[Stored items]
•••
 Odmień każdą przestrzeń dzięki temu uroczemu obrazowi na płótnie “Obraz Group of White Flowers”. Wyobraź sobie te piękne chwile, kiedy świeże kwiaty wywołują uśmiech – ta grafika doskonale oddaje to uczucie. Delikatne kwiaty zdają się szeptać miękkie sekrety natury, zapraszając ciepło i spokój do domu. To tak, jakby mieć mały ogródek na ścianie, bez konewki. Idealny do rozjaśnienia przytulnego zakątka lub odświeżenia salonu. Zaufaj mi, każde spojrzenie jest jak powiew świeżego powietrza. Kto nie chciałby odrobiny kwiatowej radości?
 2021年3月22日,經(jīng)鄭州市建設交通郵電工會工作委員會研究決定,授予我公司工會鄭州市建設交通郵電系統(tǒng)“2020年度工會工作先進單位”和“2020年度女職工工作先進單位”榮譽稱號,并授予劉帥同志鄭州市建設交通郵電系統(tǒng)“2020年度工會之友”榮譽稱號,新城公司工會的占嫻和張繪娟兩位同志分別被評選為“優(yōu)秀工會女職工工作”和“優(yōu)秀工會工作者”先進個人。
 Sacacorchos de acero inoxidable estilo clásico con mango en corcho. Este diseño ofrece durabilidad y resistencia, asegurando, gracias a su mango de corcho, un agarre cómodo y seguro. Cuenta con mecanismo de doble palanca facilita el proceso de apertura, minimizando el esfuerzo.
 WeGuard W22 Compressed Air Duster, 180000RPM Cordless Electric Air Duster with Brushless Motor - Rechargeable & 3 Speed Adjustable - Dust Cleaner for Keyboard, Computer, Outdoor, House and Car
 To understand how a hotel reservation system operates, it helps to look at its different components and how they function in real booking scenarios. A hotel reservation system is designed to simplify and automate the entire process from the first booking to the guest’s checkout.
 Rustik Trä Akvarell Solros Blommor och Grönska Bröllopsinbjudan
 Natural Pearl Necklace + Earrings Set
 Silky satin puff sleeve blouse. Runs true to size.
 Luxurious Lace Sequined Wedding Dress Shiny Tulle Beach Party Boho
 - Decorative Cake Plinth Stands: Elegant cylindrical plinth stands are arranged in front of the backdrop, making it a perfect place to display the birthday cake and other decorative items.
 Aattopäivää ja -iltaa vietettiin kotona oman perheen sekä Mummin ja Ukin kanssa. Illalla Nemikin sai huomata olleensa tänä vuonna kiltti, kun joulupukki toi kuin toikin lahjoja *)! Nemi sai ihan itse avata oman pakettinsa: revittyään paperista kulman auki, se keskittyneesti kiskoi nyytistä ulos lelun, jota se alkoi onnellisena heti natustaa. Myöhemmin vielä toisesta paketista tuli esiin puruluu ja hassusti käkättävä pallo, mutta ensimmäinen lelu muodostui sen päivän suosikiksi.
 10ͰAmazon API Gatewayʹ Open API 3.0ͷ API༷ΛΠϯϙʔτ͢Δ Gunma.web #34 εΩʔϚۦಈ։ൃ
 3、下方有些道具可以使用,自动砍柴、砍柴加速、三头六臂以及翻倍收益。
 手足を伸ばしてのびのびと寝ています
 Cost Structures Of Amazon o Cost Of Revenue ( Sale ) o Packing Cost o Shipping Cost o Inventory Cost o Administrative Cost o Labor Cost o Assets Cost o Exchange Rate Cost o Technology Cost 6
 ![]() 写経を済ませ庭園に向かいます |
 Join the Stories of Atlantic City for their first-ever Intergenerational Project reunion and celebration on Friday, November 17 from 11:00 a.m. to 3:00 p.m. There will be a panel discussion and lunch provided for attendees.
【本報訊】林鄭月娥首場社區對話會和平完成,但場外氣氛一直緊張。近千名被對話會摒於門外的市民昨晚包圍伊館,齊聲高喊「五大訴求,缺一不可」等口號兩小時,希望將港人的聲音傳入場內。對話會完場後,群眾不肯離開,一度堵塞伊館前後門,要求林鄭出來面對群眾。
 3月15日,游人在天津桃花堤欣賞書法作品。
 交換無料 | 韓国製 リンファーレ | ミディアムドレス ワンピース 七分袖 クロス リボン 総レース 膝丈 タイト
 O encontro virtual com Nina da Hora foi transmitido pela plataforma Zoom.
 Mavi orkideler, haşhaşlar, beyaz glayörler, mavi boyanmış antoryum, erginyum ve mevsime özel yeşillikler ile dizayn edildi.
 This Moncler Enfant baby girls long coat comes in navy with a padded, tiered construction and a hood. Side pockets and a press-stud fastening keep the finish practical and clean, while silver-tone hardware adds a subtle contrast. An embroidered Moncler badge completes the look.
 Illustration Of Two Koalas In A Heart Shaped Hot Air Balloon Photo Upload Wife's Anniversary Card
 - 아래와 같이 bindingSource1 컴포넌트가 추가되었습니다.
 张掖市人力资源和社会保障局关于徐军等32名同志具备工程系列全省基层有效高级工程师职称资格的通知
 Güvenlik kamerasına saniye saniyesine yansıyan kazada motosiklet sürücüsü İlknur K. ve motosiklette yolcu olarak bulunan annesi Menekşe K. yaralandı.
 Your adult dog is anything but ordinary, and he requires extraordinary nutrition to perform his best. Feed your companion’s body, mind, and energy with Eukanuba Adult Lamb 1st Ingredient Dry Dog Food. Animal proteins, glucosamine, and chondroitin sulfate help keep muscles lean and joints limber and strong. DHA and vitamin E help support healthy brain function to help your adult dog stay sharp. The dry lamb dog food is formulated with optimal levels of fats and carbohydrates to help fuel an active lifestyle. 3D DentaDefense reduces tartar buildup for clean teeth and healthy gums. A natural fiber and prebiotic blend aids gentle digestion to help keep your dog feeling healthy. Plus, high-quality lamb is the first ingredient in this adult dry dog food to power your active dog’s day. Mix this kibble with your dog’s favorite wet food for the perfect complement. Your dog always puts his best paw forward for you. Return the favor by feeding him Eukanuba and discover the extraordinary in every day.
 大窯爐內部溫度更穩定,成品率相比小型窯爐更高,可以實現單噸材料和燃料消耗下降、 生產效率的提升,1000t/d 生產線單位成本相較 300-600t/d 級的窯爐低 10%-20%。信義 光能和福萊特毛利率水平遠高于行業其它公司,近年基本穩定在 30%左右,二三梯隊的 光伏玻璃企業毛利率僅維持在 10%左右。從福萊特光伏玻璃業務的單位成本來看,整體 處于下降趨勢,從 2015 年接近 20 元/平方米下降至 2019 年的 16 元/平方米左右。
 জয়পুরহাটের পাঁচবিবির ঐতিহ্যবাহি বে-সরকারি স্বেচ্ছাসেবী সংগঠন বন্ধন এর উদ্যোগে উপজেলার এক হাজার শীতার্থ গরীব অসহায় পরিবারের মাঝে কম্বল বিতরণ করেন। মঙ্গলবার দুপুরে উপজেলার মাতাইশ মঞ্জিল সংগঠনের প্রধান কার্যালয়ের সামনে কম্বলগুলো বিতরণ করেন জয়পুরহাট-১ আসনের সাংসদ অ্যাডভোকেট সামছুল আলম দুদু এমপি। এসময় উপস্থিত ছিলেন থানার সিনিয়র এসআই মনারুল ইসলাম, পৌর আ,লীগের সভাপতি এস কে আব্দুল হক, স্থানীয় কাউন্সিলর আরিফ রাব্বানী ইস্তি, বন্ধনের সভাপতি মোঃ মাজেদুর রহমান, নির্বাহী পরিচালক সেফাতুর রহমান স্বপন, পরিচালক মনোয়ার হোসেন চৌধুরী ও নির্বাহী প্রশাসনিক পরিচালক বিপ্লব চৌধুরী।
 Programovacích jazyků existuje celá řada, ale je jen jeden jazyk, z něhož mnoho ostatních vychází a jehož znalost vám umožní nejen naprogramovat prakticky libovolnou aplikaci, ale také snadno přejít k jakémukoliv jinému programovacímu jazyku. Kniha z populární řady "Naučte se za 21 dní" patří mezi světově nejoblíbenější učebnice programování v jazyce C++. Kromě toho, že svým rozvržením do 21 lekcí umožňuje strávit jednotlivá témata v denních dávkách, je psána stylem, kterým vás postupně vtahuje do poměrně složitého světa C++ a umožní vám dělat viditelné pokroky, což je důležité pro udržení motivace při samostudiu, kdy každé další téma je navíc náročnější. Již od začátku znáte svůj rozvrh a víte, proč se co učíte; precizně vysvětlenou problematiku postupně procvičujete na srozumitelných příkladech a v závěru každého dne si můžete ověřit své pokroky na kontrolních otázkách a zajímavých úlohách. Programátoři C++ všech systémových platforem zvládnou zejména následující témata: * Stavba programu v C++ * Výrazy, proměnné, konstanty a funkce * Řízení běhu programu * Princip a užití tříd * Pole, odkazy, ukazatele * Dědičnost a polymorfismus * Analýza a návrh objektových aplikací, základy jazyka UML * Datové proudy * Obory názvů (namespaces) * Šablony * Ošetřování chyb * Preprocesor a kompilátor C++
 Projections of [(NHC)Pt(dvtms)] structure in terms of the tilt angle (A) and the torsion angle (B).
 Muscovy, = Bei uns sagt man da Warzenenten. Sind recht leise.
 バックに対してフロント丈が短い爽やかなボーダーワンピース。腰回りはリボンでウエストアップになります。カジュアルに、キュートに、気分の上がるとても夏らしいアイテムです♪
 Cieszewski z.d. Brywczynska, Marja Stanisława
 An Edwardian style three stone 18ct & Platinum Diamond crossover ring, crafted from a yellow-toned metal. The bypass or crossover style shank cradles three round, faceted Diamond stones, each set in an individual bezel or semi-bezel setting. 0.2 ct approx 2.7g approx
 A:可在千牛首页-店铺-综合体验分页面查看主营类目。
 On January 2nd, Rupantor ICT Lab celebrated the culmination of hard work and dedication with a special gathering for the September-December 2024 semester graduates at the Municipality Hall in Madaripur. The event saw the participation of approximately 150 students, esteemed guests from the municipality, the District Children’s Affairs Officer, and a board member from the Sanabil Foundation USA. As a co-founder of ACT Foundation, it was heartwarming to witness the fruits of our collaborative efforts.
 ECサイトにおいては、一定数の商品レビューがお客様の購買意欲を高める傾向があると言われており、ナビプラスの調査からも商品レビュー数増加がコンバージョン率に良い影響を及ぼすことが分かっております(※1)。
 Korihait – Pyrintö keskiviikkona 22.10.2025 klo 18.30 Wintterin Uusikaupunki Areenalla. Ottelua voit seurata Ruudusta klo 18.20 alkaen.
•••
▶ _Required work_: Exactly the lines from the one containing "ECサイトにおいては、一定数" through the last line of the records are to be transcribed, both endpoints included.

▶ _Exercise output_:
 ECサイトにおいては、一定数の商品レビューがお客様の購買意欲を高める傾向があると言われており、ナビプラスの調査からも商品レビュー数増加がコンバージョン率に良い影響を及ぼすことが分かっております(※1)。
 Korihait – Pyrintö keskiviikkona 22.10.2025 klo 18.30 Wintterin Uusikaupunki Areenalla. Ottelua voit seurata Ruudusta klo 18.20 alkaen.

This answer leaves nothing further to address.